:: Required action ::
Transcribe the listing that follows in full, exactly, and drop its images.
--- Records supplied Enclosed Below ---
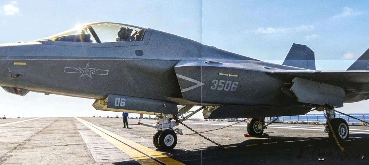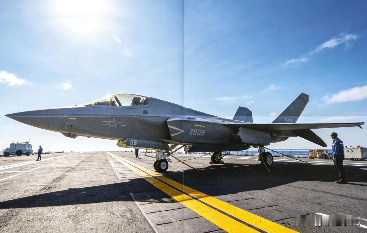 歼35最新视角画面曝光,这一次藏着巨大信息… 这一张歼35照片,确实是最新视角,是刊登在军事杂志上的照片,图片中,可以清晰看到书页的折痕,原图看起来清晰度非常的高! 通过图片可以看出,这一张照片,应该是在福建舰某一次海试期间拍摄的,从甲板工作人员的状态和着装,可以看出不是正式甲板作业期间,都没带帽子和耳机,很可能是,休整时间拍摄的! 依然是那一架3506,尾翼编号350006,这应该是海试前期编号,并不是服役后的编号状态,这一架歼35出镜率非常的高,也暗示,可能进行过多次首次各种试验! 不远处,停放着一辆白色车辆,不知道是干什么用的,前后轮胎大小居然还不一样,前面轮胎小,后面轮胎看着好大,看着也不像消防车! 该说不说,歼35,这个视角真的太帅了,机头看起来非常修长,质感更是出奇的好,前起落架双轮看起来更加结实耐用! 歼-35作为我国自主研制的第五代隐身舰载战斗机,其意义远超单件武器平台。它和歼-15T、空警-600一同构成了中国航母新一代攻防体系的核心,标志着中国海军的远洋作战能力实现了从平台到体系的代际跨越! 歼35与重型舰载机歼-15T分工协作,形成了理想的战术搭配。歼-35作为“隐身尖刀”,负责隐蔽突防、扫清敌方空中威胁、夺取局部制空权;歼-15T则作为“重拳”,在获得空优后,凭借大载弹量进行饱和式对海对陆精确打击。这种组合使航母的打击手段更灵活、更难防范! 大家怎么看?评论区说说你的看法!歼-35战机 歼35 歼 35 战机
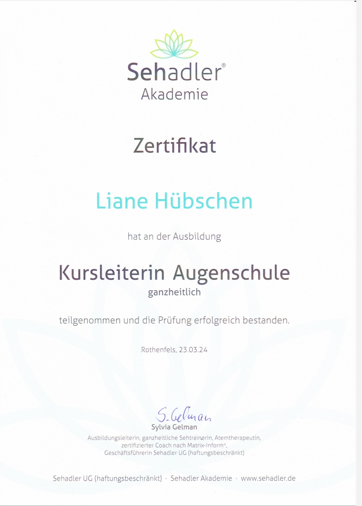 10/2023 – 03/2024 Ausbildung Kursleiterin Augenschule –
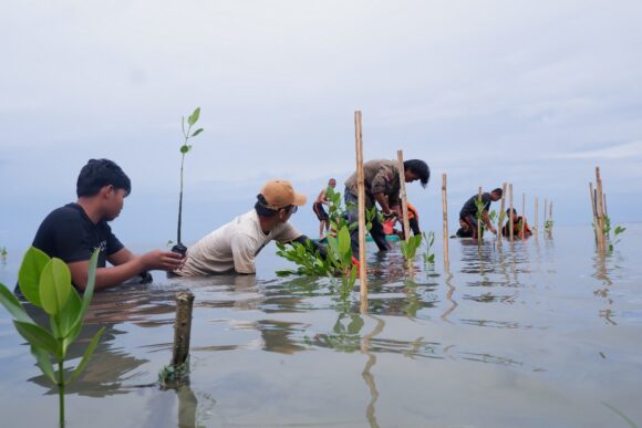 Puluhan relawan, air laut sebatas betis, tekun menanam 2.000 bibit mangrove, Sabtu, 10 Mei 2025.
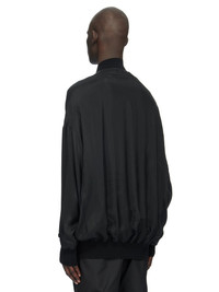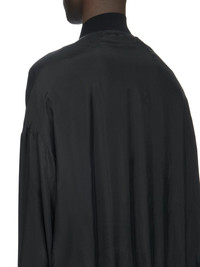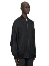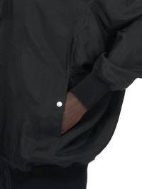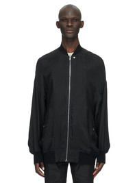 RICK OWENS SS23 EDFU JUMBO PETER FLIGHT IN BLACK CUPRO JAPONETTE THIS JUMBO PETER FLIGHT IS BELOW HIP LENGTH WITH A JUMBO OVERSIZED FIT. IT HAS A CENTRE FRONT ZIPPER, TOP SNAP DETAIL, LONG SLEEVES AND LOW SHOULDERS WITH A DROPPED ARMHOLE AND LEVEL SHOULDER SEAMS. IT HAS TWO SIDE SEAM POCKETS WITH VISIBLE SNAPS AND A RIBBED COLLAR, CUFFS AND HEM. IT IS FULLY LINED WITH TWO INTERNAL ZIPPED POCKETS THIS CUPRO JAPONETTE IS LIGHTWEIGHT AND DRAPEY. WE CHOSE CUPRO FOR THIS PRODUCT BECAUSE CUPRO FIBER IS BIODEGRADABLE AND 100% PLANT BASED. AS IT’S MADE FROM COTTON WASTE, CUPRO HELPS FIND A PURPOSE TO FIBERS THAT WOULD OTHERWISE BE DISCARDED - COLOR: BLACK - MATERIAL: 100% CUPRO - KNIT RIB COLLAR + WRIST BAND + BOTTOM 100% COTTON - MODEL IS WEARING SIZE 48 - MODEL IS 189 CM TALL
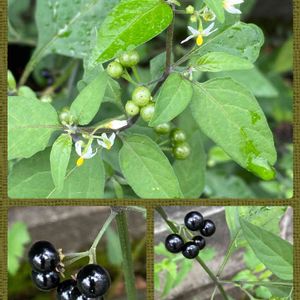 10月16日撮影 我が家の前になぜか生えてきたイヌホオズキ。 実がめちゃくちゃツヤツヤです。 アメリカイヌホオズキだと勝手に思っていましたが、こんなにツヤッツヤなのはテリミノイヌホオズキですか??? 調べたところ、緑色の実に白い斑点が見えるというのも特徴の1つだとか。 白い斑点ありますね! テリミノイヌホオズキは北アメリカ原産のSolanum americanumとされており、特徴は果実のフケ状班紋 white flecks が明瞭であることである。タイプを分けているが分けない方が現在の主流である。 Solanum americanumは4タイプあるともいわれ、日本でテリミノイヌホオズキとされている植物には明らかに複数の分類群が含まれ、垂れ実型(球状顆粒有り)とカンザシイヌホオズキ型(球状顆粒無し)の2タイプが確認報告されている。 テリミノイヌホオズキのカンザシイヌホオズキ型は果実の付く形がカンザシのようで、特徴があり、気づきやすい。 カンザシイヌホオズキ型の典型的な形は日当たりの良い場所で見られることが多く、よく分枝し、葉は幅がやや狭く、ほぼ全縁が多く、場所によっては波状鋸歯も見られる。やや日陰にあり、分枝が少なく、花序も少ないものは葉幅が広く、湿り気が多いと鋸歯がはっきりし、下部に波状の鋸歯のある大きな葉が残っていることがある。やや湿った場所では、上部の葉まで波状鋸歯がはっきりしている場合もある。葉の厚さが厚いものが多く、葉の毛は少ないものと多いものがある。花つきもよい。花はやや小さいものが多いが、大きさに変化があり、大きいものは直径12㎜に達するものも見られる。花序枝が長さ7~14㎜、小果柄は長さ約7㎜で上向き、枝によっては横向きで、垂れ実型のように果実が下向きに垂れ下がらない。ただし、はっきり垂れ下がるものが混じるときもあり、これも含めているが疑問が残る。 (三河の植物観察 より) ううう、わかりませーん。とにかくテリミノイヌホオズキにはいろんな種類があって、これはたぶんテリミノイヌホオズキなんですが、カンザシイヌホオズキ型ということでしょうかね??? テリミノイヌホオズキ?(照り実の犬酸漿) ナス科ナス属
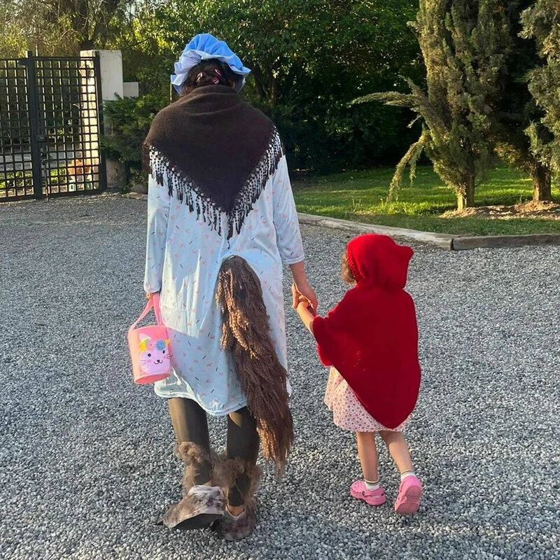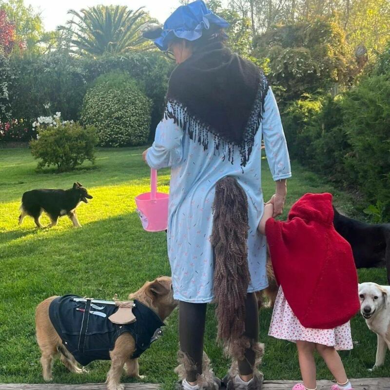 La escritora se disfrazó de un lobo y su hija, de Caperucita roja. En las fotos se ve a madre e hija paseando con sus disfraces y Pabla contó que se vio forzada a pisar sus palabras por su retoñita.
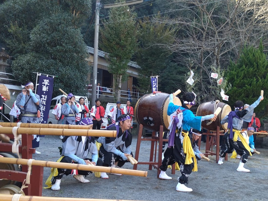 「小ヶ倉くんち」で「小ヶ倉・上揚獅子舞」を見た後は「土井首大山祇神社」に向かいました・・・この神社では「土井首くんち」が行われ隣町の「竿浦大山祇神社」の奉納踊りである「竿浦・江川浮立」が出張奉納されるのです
--- End of Enclosed Records supplied ---
:: Result ::
 歼35最新视角画面曝光,这一次藏着巨大信息… 这一张歼35照片,确实是最新视角,是刊登在军事杂志上的照片,图片中,可以清晰看到书页的折痕,原图看起来清晰度非常的高! 通过图片可以看出,这一张照片,应该是在福建舰某一次海试期间拍摄的,从甲板工作人员的状态和着装,可以看出不是正式甲板作业期间,都没带帽子和耳机,很可能是,休整时间拍摄的! 依然是那一架3506,尾翼编号350006,这应该是海试前期编号,并不是服役后的编号状态,这一架歼35出镜率非常的高,也暗示,可能进行过多次首次各种试验! 不远处,停放着一辆白色车辆,不知道是干什么用的,前后轮胎大小居然还不一样,前面轮胎小,后面轮胎看着好大,看着也不像消防车! 该说不说,歼35,这个视角真的太帅了,机头看起来非常修长,质感更是出奇的好,前起落架双轮看起来更加结实耐用! 歼-35作为我国自主研制的第五代隐身舰载战斗机,其意义远超单件武器平台。它和歼-15T、空警-600一同构成了中国航母新一代攻防体系的核心,标志着中国海军的远洋作战能力实现了从平台到体系的代际跨越! 歼35与重型舰载机歼-15T分工协作,形成了理想的战术搭配。歼-35作为“隐身尖刀”,负责隐蔽突防、扫清敌方空中威胁、夺取局部制空权;歼-15T则作为“重拳”,在获得空优后,凭借大载弹量进行饱和式对海对陆精确打击。这种组合使航母的打击手段更灵活、更难防范! 大家怎么看?评论区说说你的看法!歼-35战机 歼35 歼 35 战机
 10/2023 – 03/2024 Ausbildung Kursleiterin Augenschule –
 Puluhan relawan, air laut sebatas betis, tekun menanam 2.000 bibit mangrove, Sabtu, 10 Mei 2025.
 RICK OWENS SS23 EDFU JUMBO PETER FLIGHT IN BLACK CUPRO JAPONETTE THIS JUMBO PETER FLIGHT IS BELOW HIP LENGTH WITH A JUMBO OVERSIZED FIT. IT HAS A CENTRE FRONT ZIPPER, TOP SNAP DETAIL, LONG SLEEVES AND LOW SHOULDERS WITH A DROPPED ARMHOLE AND LEVEL SHOULDER SEAMS. IT HAS TWO SIDE SEAM POCKETS WITH VISIBLE SNAPS AND A RIBBED COLLAR, CUFFS AND HEM. IT IS FULLY LINED WITH TWO INTERNAL ZIPPED POCKETS THIS CUPRO JAPONETTE IS LIGHTWEIGHT AND DRAPEY. WE CHOSE CUPRO FOR THIS PRODUCT BECAUSE CUPRO FIBER IS BIODEGRADABLE AND 100% PLANT BASED. AS IT’S MADE FROM COTTON WASTE, CUPRO HELPS FIND A PURPOSE TO FIBERS THAT WOULD OTHERWISE BE DISCARDED - COLOR: BLACK - MATERIAL: 100% CUPRO - KNIT RIB COLLAR + WRIST BAND + BOTTOM 100% COTTON - MODEL IS WEARING SIZE 48 - MODEL IS 189 CM TALL
 10月16日撮影 我が家の前になぜか生えてきたイヌホオズキ。 実がめちゃくちゃツヤツヤです。 アメリカイヌホオズキだと勝手に思っていましたが、こんなにツヤッツヤなのはテリミノイヌホオズキですか??? 調べたところ、緑色の実に白い斑点が見えるというのも特徴の1つだとか。 白い斑点ありますね! テリミノイヌホオズキは北アメリカ原産のSolanum americanumとされており、特徴は果実のフケ状班紋 white flecks が明瞭であることである。タイプを分けているが分けない方が現在の主流である。 Solanum americanumは4タイプあるともいわれ、日本でテリミノイヌホオズキとされている植物には明らかに複数の分類群が含まれ、垂れ実型(球状顆粒有り)とカンザシイヌホオズキ型(球状顆粒無し)の2タイプが確認報告されている。 テリミノイヌホオズキのカンザシイヌホオズキ型は果実の付く形がカンザシのようで、特徴があり、気づきやすい。 カンザシイヌホオズキ型の典型的な形は日当たりの良い場所で見られることが多く、よく分枝し、葉は幅がやや狭く、ほぼ全縁が多く、場所によっては波状鋸歯も見られる。やや日陰にあり、分枝が少なく、花序も少ないものは葉幅が広く、湿り気が多いと鋸歯がはっきりし、下部に波状の鋸歯のある大きな葉が残っていることがある。やや湿った場所では、上部の葉まで波状鋸歯がはっきりしている場合もある。葉の厚さが厚いものが多く、葉の毛は少ないものと多いものがある。花つきもよい。花はやや小さいものが多いが、大きさに変化があり、大きいものは直径12㎜に達するものも見られる。花序枝が長さ7~14㎜、小果柄は長さ約7㎜で上向き、枝によっては横向きで、垂れ実型のように果実が下向きに垂れ下がらない。ただし、はっきり垂れ下がるものが混じるときもあり、これも含めているが疑問が残る。 (三河の植物観察 より) ううう、わかりませーん。とにかくテリミノイヌホオズキにはいろんな種類があって、これはたぶんテリミノイヌホオズキなんですが、カンザシイヌホオズキ型ということでしょうかね??? テリミノイヌホオズキ?(照り実の犬酸漿) ナス科ナス属
 La escritora se disfrazó de un lobo y su hija, de Caperucita roja. En las fotos se ve a madre e hija paseando con sus disfraces y Pabla contó que se vio forzada a pisar sus palabras por su retoñita.
 「小ヶ倉くんち」で「小ヶ倉・上揚獅子舞」を見た後は「土井首大山祇神社」に向かいました・・・この神社では「土井首くんち」が行われ隣町の「竿浦大山祇神社」の奉納踊りである「竿浦・江川浮立」が出張奉納されるのです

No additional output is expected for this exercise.